Modified 8 марта, 02:44

Updated 8 марта, 02:44

Экономист Андрей Мовчан

Экономист Андрей Мовчан

11 июля 2016, 10:42
Российская экономика продолжает падать. ВВП в январе-мае сократился на 1%, подсчитали в Минэкономразвития. А эксперты Высшей школы экономики отмечают негативные тенденции в секторах добычи полезных ископаемых, обрабатывающих производств, строительства. Спад розничных продаж продолжается уже девять месяцев подряд, а дох
Сюжет
Цены

– По данным Минфина, дефицит бюджета в январе-мае составил 1,48 трлн. рублей, или 4,6% ВВП. Сейчас деньги на затыкание этой «прорехи» берутся из Резервного фонда, от которого, по расчетам Минфина, уже в 2017 году ничего не останется. И что делать правительству дальше – повышать налоги?

– Очевидно, что налоги в России придется увеличивать, поскольку налоговая база сокращается. Сегодня подоходный налог в России уникально низок не только в плане цифр, но и с точки зрения доли в бюджете. В мире практически не существует стран, которые живут с такой долей подоходного налога в бюджете. Страны, стремящиеся к сохранению стабильности в экономике, примерно на треть финансируются из подоходного налога в той или иной форме. Поэтому не стоит ожидать, что у нас долго продержится нынешний подоходный налог.
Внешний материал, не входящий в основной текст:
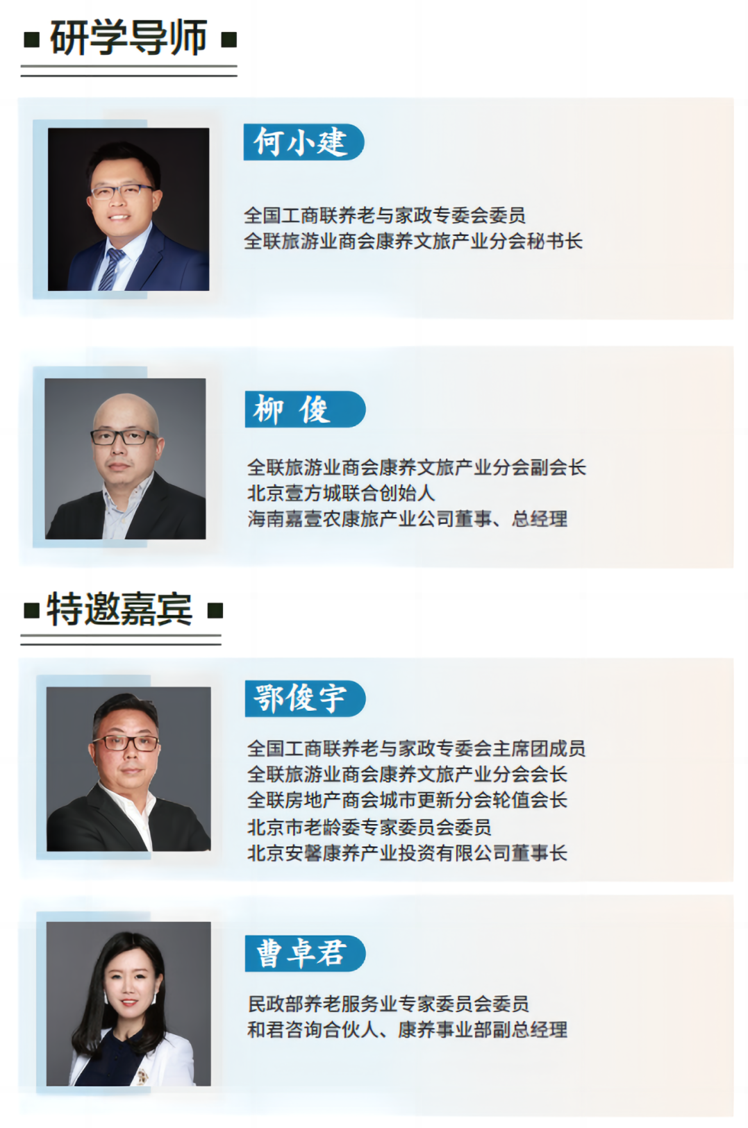鄂俊宇 全国工商联养老与家政专委会主席团成员、全联旅游业商会康养文旅产业分会会长、全联房地产商会城市更新分会轮值会长、北京市老龄委专家委员会委员、北京安馨康养产业投资有限公司董事长

Думаю, также достаточно активно будут расти налоги на имущество.

– В последнее время Минфин ведет переговоры с Министерством энергетики относительно новых налогов на нефть. В новой системе планируется учесть сложность разработки каждого конкретного месторождения, а также уровень их рентабельности. Что, на ваш взгляд, будет с нефтяными налогами?

– Что касается нефтяной отрасли, за счет которой прямо или косвенно формируется 70% федерального бюджета, рано или поздно нефть перестанет играть роль генератора бюджета. Правительство не сможет реинвестировать деньги в нефтяные компании, если так и будет их продолжать обирать, а значит, у них через некоторое время будет резко снижаться добыча. Компании не смогут внедрять новые технологии добычи, а значит, себестоимость будет расти. То есть правительству все равно придется снимать налоговую нагрузку с нефтегазового сектора, но в таком случае все равно откуда-то придется эти деньги брать. Поэтому люди, владеющие крупной собственностью в России, находятся под серьезной налоговой угрозой. Под такой же угрозой пребывают люди, у которых трудоемкий бизнес, поскольку налоги будут расти. А социальные налоги падать не будут – у нас демографическая яма, и государство просто не может обеспечить пенсионную систему иначе, как собирая большие деньги с граждан.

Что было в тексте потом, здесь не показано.